Add a set number to each group of records in a table

  • My data is in my table like this:

    F1 F2 F3 F4 F5 <-- column names

    LX a b <-- start of set 1

    INS Y

    MEM 1000

    LOC 31

    LX a b <-- start of set 2

    INS Y

    MEM 2000

    LOC 31

    LX a b <-- start of set 3

    INS Y

    MEM 3000

    LOC 31

    I want to populate field F5 for each record in each set with the value in F2 on the record that has "MEM" in F1. So, at the end, my data will look like this:

    F1 F2 F3 F4 F5 <-- column names

    LX a b 1000 <-- start of set 1

    INS Y 1000

    MEM 1000 1000

    LOC 31 1000

    LX a b 2000 <-- start of set 2

    INS Y 2000

    MEM 2000 2000

    LOC 31 2000

    LX a b 3000 <-- start of set 3

    INS Y 3000

    MEM 3000 3000

    LOC 31 3000

    I suspect I need some kind of "over" and "partition" statement, but I don't really grasp those terms yet.

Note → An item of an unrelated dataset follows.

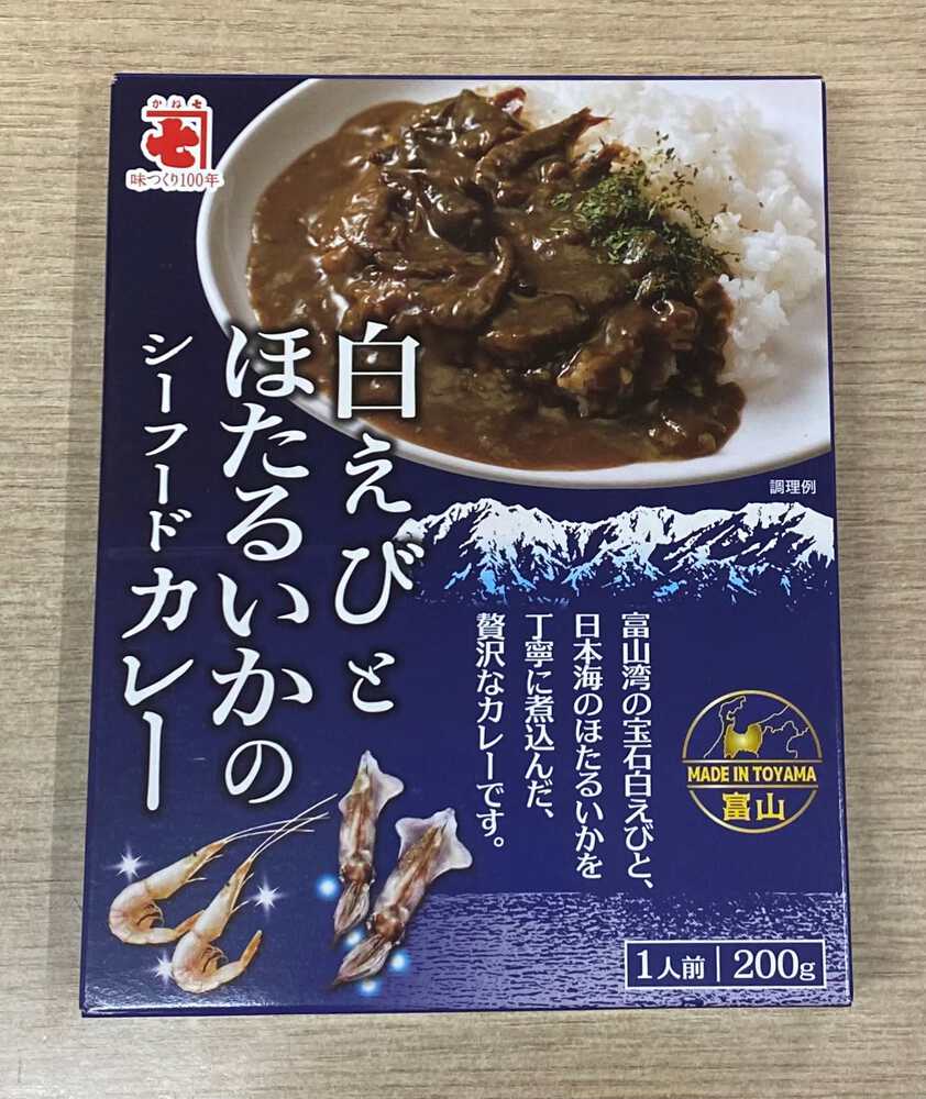 価格:540円(税込) 富山湾の宝石といわれる「白えび」、日本海の神秘といわれる「ほたるいか」をじっくり丁寧に煮込んだ富山を味わう贅沢カレーです |

    Any help is appreciated.

    *******************
    What I lack in youth, I make up for in immaturity!

  • Do you have any kind of table structure or are you trying to use SQL Server like an Excel spreadsheet? Based on the table data you provided, it looks like you have duplicate rows, which is terribly problematic at best. I'm hoping it's just a matter of providing significantly too little information about your table structure.

    Let us know and we would be glad to help you.

    └> bt



    Forum Etiquette: How to post data/code on a forum to get the best help[/url]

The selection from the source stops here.